Orchard Therapeutics:Lenmeldy. 

On March 18, FDA of the United States approved the gene therapy Lenmeldy of the British company Orchard Therapeutics for the treatment of children with heterochromatic leukodystrophy (MLD). The drug is priced at $4.25 million, or about 30.6 million yuan, surpassing Hemgenix ($3.5 million) to become the most expensive drug in history, setting another record for "sky-high prices". MLD is caused by a mutation in the arylsulfatase-a (ARSA) gene, which causes sulfate to accumulate in the brain and other areas of the body, such as the liver, gallbladder, kidney, and spleen. 

Over time, the patient's nervous system is damaged, leading to motor, behavioral and cognitive degradation, as well as severe spasms and seizures. Patients will gradually lose the ability to move, speak, swallow, eat and so on. Lenmeldy transduced ARSA gene encoding arylsulfase-An into CD34-positive hematopoietic stem cells collected from MLD patients by lentiviral vector to restore the expression of arylsulfase-A, and then transfusion of hematopoietic stem cells into the patient to achieve the effect of one-time treatment of the disease.

Pfizer: BEQVEZ. 

On April 26th, Pfizer (Pfizer) announced that FDA in the United States has approved BEQVEZ (fidanacogene elaparvovec-DZKT), a gene therapy based on adeno-associated virus (AAV) vector, for the treatment of adult patients with moderate to severe hemophilia B and negative neutralizing antibodies to AAV serotype Rh74 (18 years old and over). 

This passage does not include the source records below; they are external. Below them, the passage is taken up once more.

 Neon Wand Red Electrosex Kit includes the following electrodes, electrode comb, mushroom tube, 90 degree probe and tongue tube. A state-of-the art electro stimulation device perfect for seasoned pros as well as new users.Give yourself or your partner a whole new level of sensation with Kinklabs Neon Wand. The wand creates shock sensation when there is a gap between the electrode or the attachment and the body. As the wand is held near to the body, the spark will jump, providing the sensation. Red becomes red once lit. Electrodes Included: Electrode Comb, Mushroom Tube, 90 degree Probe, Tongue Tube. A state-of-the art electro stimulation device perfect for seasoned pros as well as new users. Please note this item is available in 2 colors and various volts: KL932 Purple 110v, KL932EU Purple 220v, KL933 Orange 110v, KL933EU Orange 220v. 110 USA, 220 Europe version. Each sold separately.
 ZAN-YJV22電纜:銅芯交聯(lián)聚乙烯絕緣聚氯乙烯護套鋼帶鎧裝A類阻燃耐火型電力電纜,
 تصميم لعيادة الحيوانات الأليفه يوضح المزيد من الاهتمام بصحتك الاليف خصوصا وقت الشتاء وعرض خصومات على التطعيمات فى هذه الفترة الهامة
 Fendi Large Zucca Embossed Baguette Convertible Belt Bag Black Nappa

It is reported that the price of BEQVEZ is 3.5 million US dollars, which is in line with the price of Hemgenix, a type B hemophilia gene therapy developed by UniQure, which was approved to go on the market. Previously, Health Canada approved the listing of Beqvez in Canada on January 3, 2024. 

BEQVEZ is a kind of gene therapy drug in vivo, which uses genetically engineered AAV capsid to improve the ability to deliver highly active human FIX gene to human target tissues and organs. Beqvez aims to enable patients to produce enough FIX protein on their own, so that they do not need to receive regular FIX infusion, so as to improve patients' blood coagulation function. The mode of administration is intravenous infusion, and one administration is effective for a long time or even for a lifetime.

Summary. 

The CGT field is one of the areas where sky-high drugs occur frequently. This year, Orchard Therapeutics's Lenmeldy and Pfizer's Beqvez hit the list of the most expensive drugs, occupying the first place and tied for the second place respectively. 

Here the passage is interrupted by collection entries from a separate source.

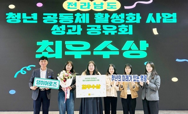 [위키트리 광주전남취재본부 노해섭 기자]영광군 청년공동체 댕히어로즈(대표 조아라)가 11월 21일 열린 전라남도 청년공동체 활성화사업 성과공유회에서 도내 20개 시·군 청년공동체 가운데 최우수상을 수상했다.
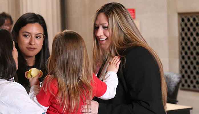 Gabriela Rivera, right, said she hopes that testimony about the proposed rule change from a lot of moms about a lot of children’s lives that are going to be affected will sway EPA administrators. (Photo by Andrew Howard/Cronkite News)
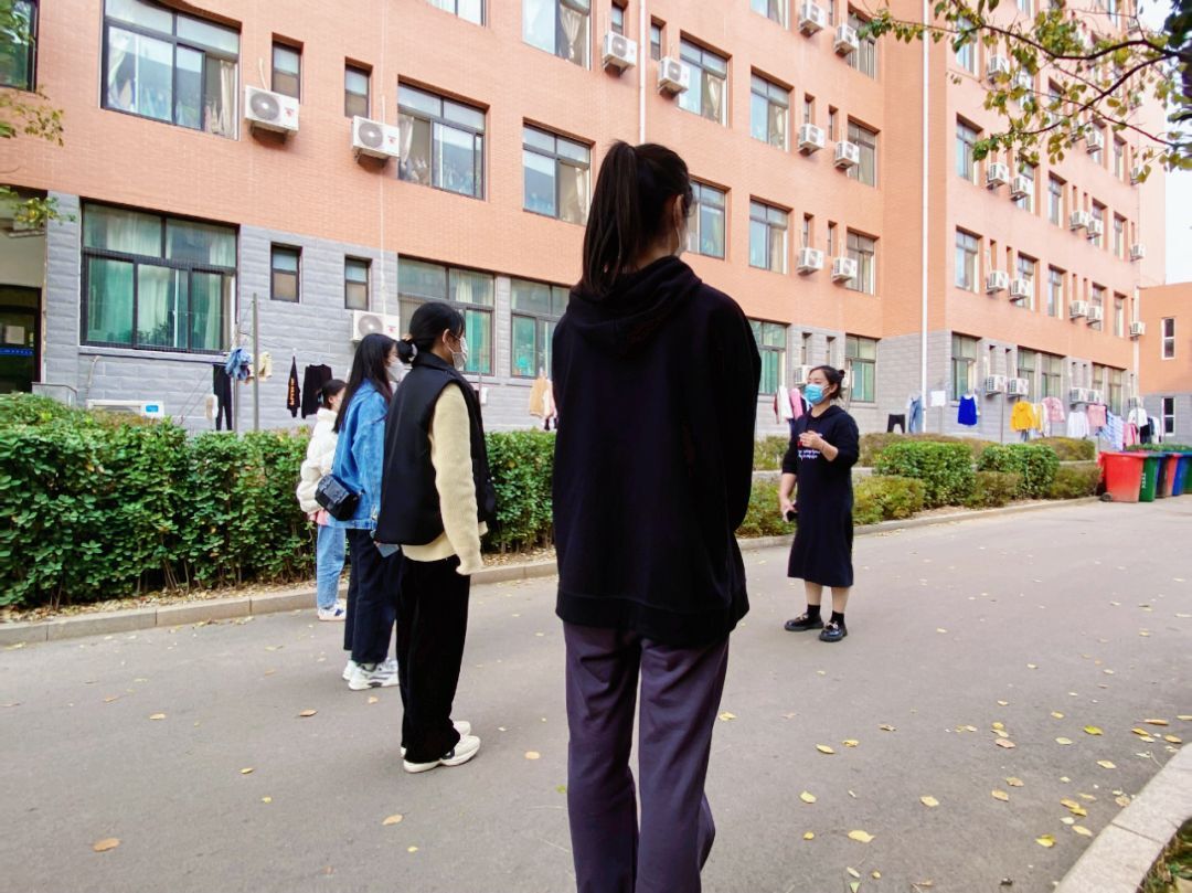 学生进公寓时进行体温测量,体温合格的同学按照指示路线进入公寓。
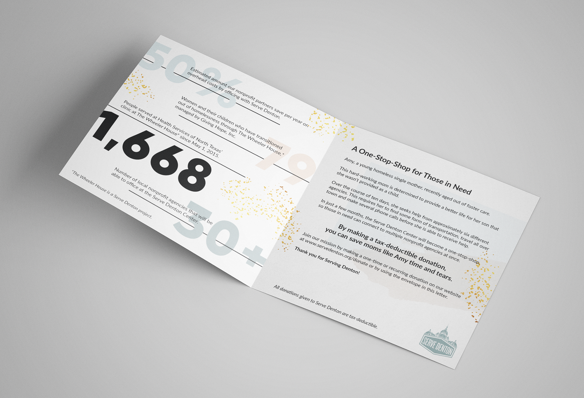 This was Serve Denton's first direct mail campaign asking for end-of-year donations. We aimed to create a "Christmas card" that people wanted to leave out all-year-round. Super happy with how the piece turned out!

Looking to the future, more potential cell and gene therapy are constantly developing and diversifying. No matter from the treatment concept, global promotion, and the degree of attention at the national level, the field of CGT is undoubtedly an area with long-term technological breakthrough needs, so further research and practice are needed to solve the challenges and problems, and to ensure the safety and effectiveness of cell and gene therapy. 

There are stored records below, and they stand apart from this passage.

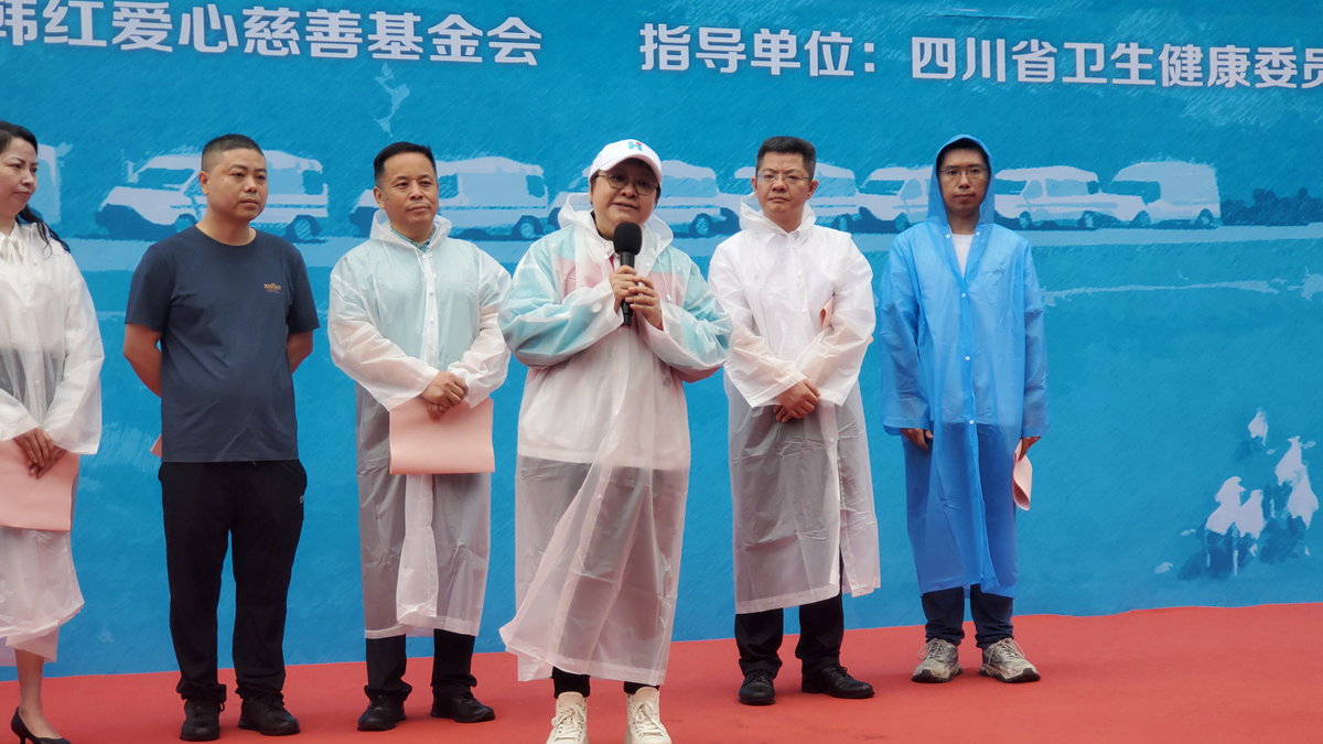 四川本地月捐人代表赵攀出席仪式并发言,表示今后将以自己的力量继续支持家乡的基层医疗卫生建设,也希望更多人加入月捐人行列,为公益事业添砖加瓦。随后,受赠卫生院代表进行分享,对基金会捐赠的救护车等医疗物资表示感谢,并承诺将长期扎根乡镇,持续奉献基层。
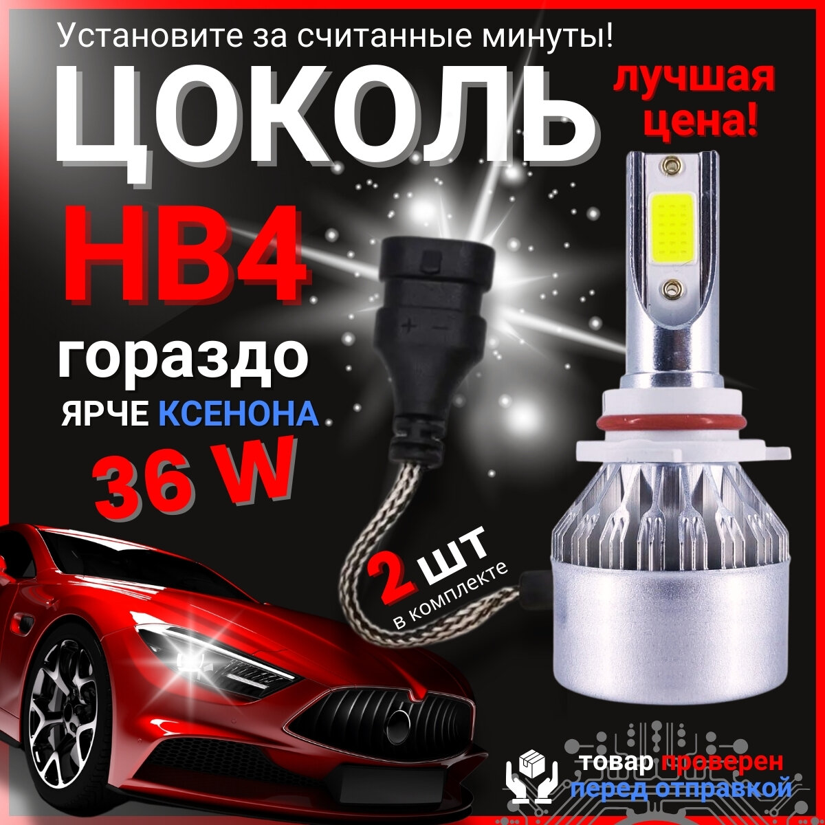 Отзывы на Светодиодные автомобильные лампы LED С6 HB4, 2 шт, Напряжение 12V, Мощность 36W
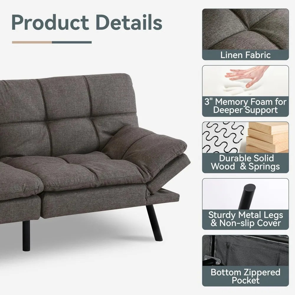 The quality extends beyond the frame and mechanism. Upholstered in breathable grey linen, this sofa bed combines a sleek, modern look with practicality. Linen’s natural texture adds warmth and character to your room while remaining durable and easy on the skin. Inside, a 3-inch layer of CertiPUR-US certified memory foam cushions your body, providing supportive comfort that relieves pressure points and promotes restful relaxation, no matter the season.
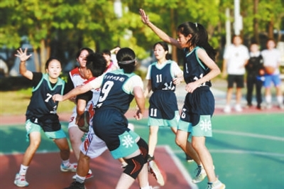 ④在深圳市寶安區(qū)中學(xué)生籃球比賽中,深圳市寶安中學(xué)(集團(tuán))女籃參加高中女子組冠亞軍爭(zhēng)奪戰(zhàn)。學(xué)校供圖
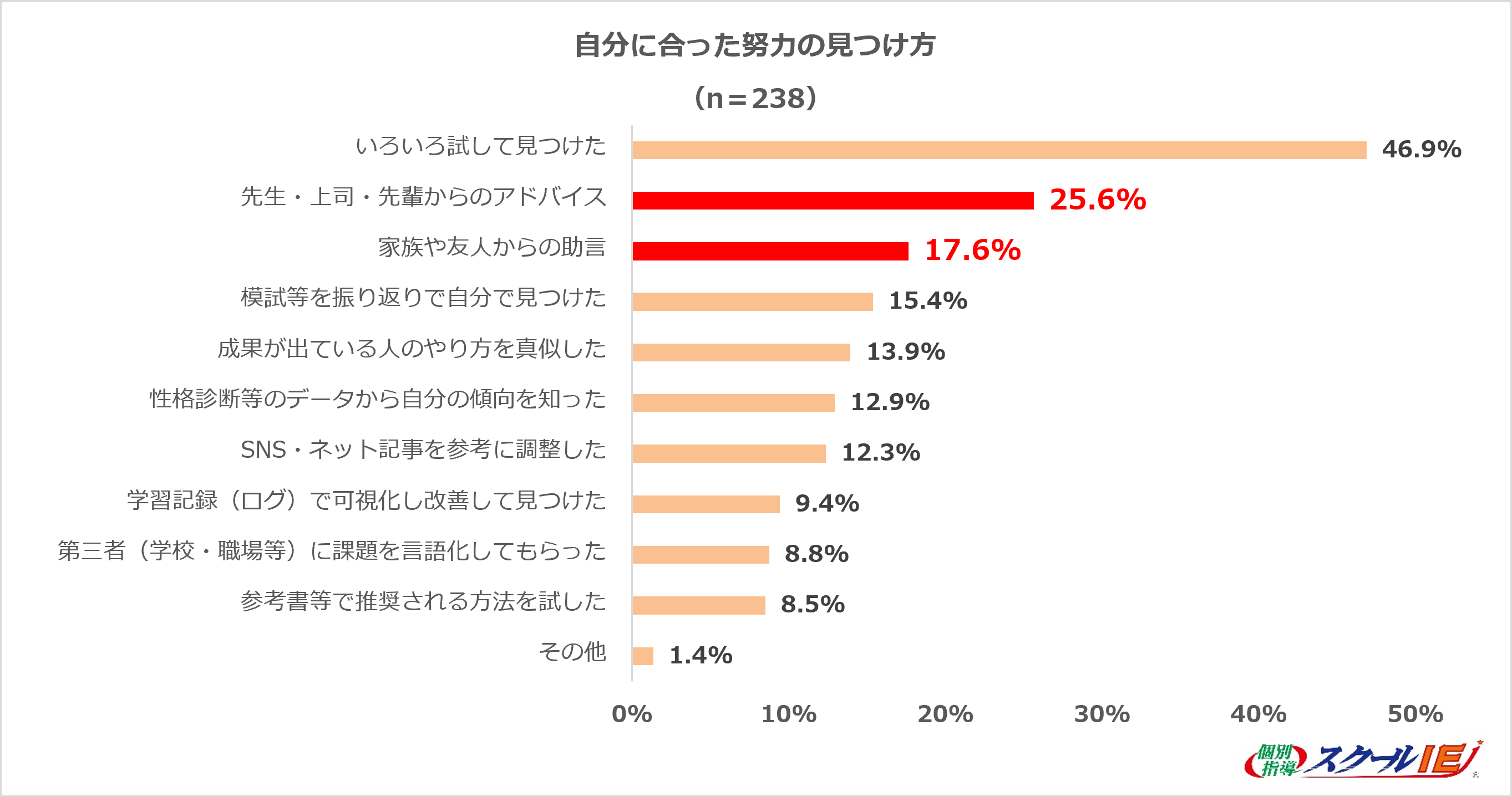 自分に合った努力の仕方を「見つけている」「おおよそ見つけている」と回答した人に対して、その見つけ方を尋ねたところ、「いろいろ試して見つけた(46.9%)」が最も多く、次いで「先生・上司・先輩からのアドバイス(25.6%)」、「家族・友人からの助言(17.6%)」が続き、自分に合った努力は、試行錯誤や周囲からのサポートによって見つけていることが分かりました。

In 2024, seven other CGT therapies are expected to be approved and put on the market, including Hengrun Dasheng's CAR-T cell therapy product Rundaji Orenser injection, Adaptimmune Therapeutics's engineered T-cell therapy Eki Olensai, BioCardia's CardiAMP, Pfizer's new research gene therapy Fidanacogene elaparvovec, Rocket Pharmaceuticals's gene therapy Kresladi, Autolus Therapeutics's CAR-T cell therapy Obecabtagene autoleucel, Abeona Therapeutics's ongoing autologous cell therapy Prademagene zamikeracel (pz-cel).